Pratt provided the final chapter to this Festschrift for Charles Hauser, Jr. published by Central Baptist Theological Seminary. I found the arguments presented later in the chapter more persuasive than the arguments presented in the beginning of the chapter. His argument that texts like 1 Thessalonians 5 and Revelation 3:10 promise that God will spare his people from going through the period of time in which the final day of the Lord judgment is poured out on the earth is convincing. Likewise, Pratt makes a convincing case from the immanency of Christ’s return.

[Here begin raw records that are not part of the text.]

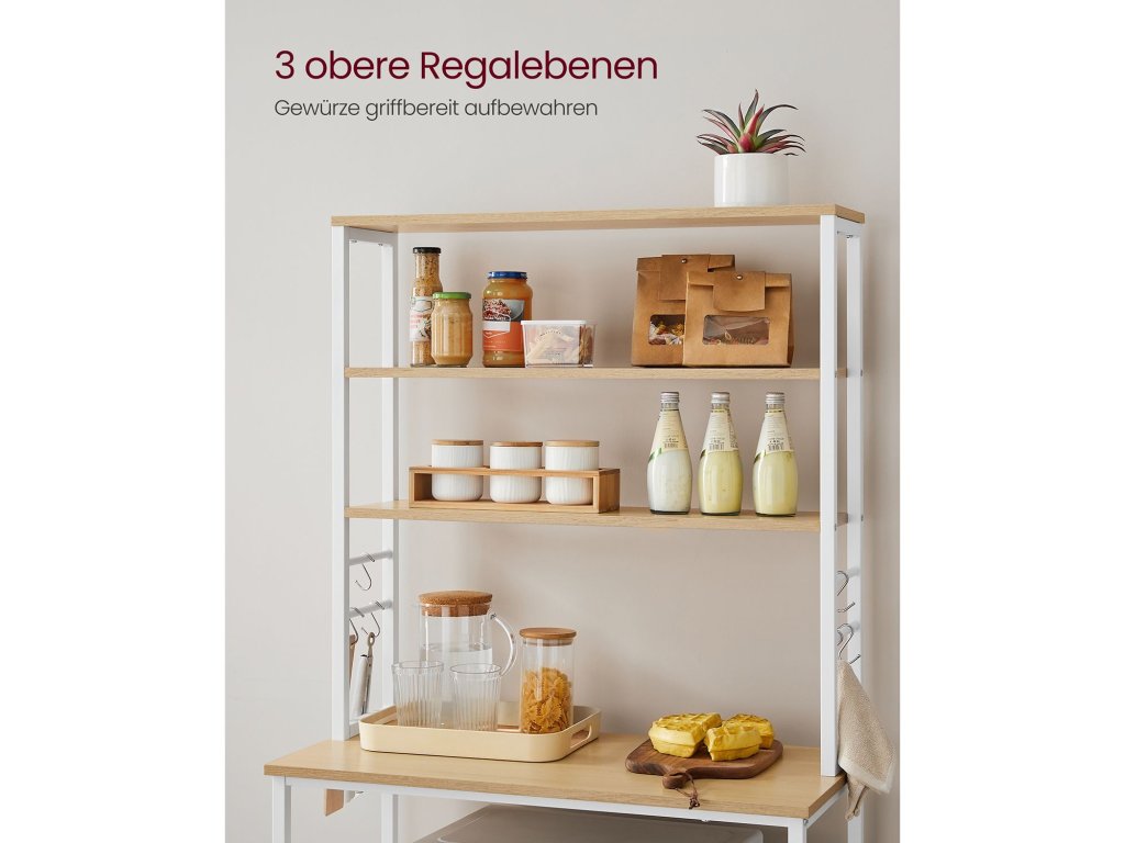 Prostorný Ušetřete místo na pracovní desce s tímto prostorným kuchyňským regálem - 3 horní police na sklenice s kořením, 3 velké spodní police na kuchyňské spotřebiče a 6 háčků S na nářadí. Tato univerzální police vnese do vaší kuchyně pořádek. [Střední police ve spodní části - výškově nastavitelná] Tuto polici lze nastavit do dvou výšek, což vám umožní umístit nádobí různých velikostí, od mixéru přes fritézu až po hrnce a pánve. Pevná konstrukce: Díky kombinaci robustního ocelového rámu a odolné dřevotřísky je tato stojící police silná, pevná a snadno unese vaši mikrovlnnou troubu, kávovar a další nádobí [Vhodný do malých prostor] Tento regál na mikrovlnnou troubu se 6 úrovněmi o rozměrech 40 x 80 x 167 cm je ideální do malých kuchyní nebo jako mini kavárna. S tímto úložným regálem můžete maximálně využít prostor. Stabilní a bezpečný: Díky nastavitelným nožičkám stojí police na podlaze vždy stabilně a nezanechává škrábance. Díky přiložené ochraně proti překlopení můžete polici připevnit ke stěně a zajistit tak bezpečné prostředí pro vás i vaši rodinu. [Žádné starosti s montáží] S pomocí jasného návodu, označených dílů a přiloženého montážního nástroje lze tuto stojící kuchyňskou polici sestavit během chvilky".| Kategorie: | Regály a poličky |
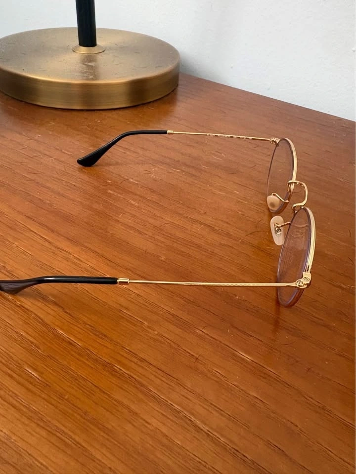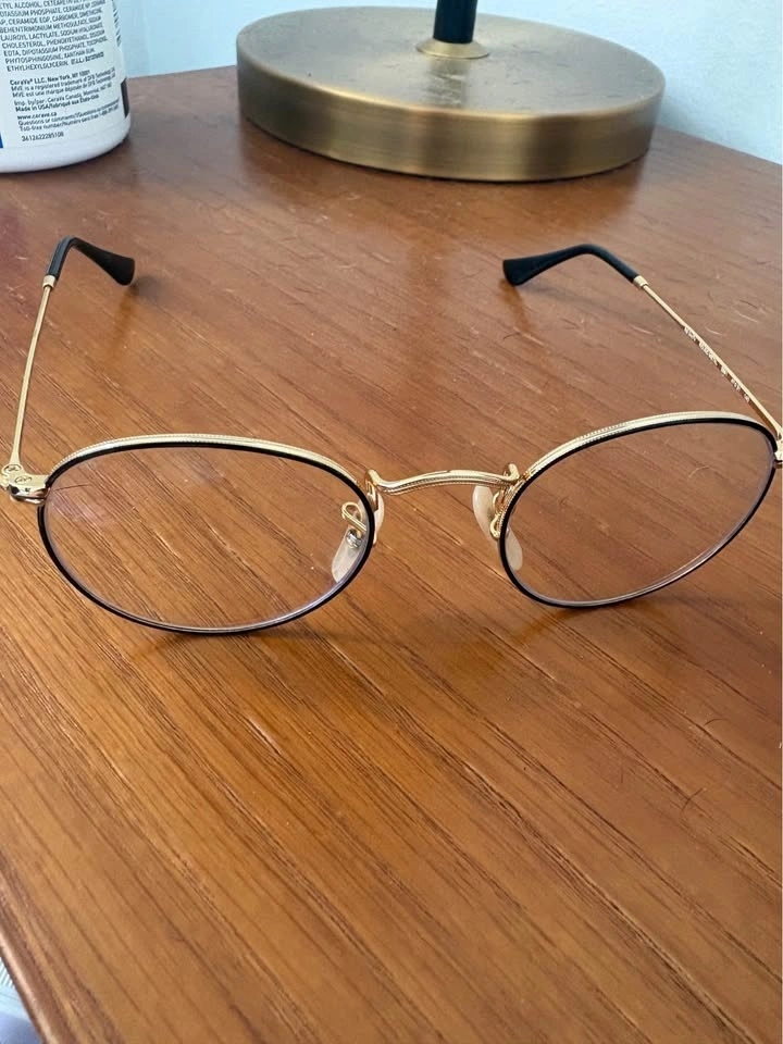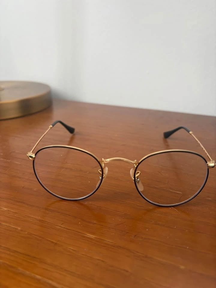Selling a pair of Ray-Ban Round Metal eyeglasses. They feature a black and gold frame. These are in great condition and ready for a new home.
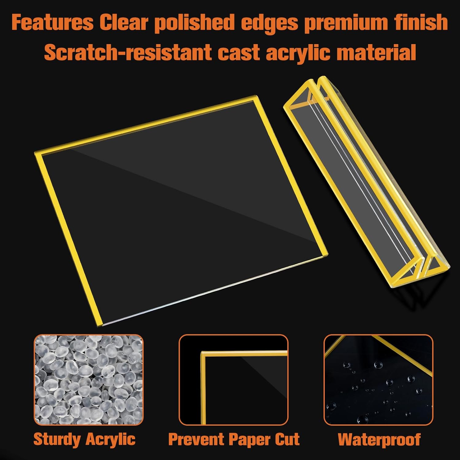 • High Quality Acrylic: Acrylic sign holders are made from premium acrylic, these gold sign holders offer high transparency for a clear display. They are durable, easy to clean, reusable, and resistant to yellowing.
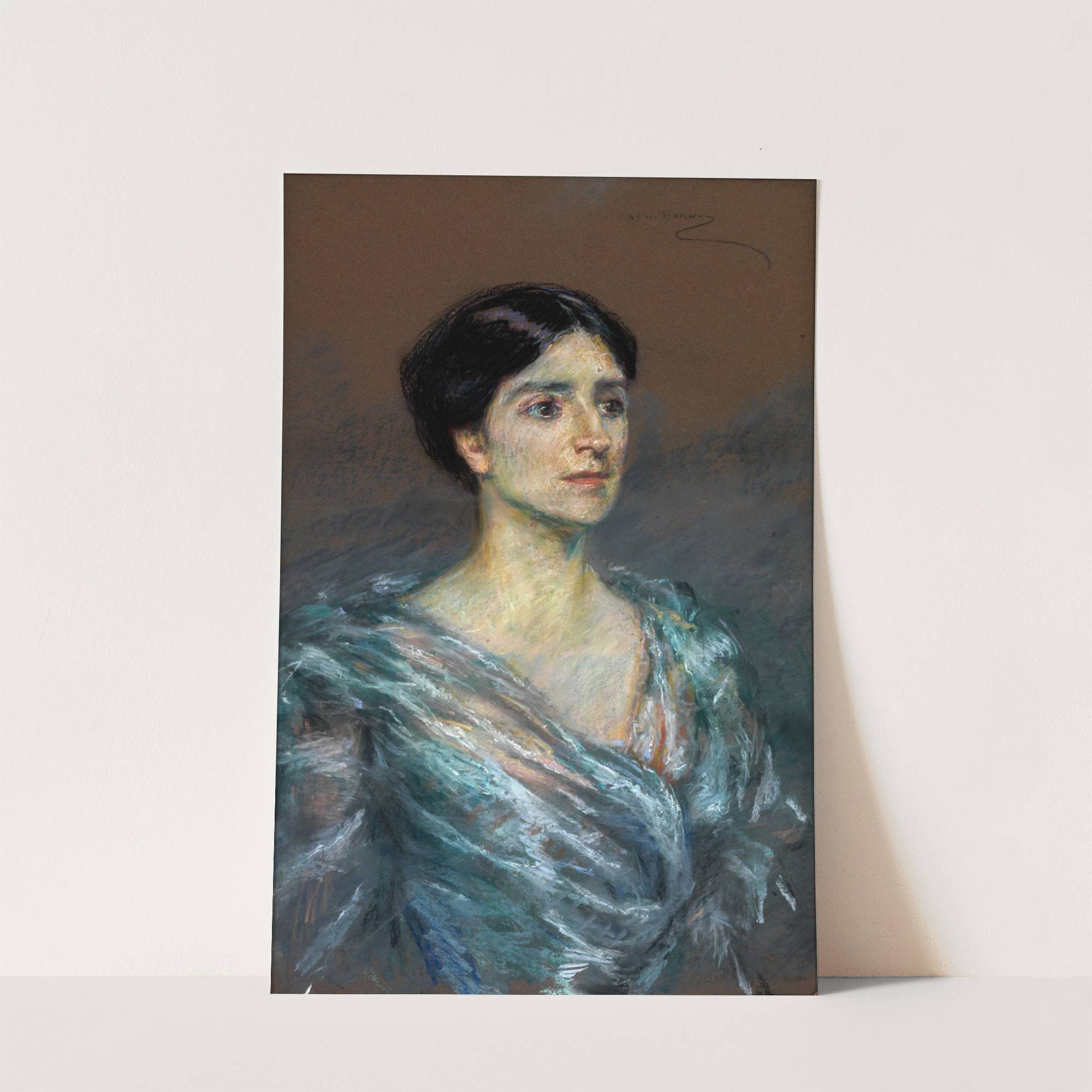 This artistic print features a portrait of a young woman painted by Marianne Girard, as signed by the artist in her distinctive style. The subject has fair skin and dark brown hair elegantly styled in an updo, with soft, delicate...

Pratt begins his chapter by arguing that John 14:1-3; 2 Thessalonians 2:6-7; Revelation 12:5 support a pretribulational rapture. These arguments are shakier. John 14:1-3 fits well within a pretribulation rapture scheme, but it is difficult to prove the pretribulation rapture from this text because doing so requires the having already established particular interpretations of related texts.
The argument from 2 Thessalonians 2 is even less compelling. Even granting that the restrainer is the Spirit, how does the rapture of the church remove him from earth? The Spirit is omnipresent. A further step in the argument is needed such that the Spirit working in and through the church is the restrainer. But it is not clear that such an argument could be mounted from the text. Nor do I find Darby’s interpretation of Revelation 12 plausible. I don’t find any of the proposed double referents convincing. The dragon refers to Satan, not the nations. The woman refers to Israel, not to Mary. And the male child refers to Christ, not to the church.
Pratt does mount a convincing argument for the pretribulational position in this chapter, but it is burdened, in my view, by some accompanying less-than-convincing arguments.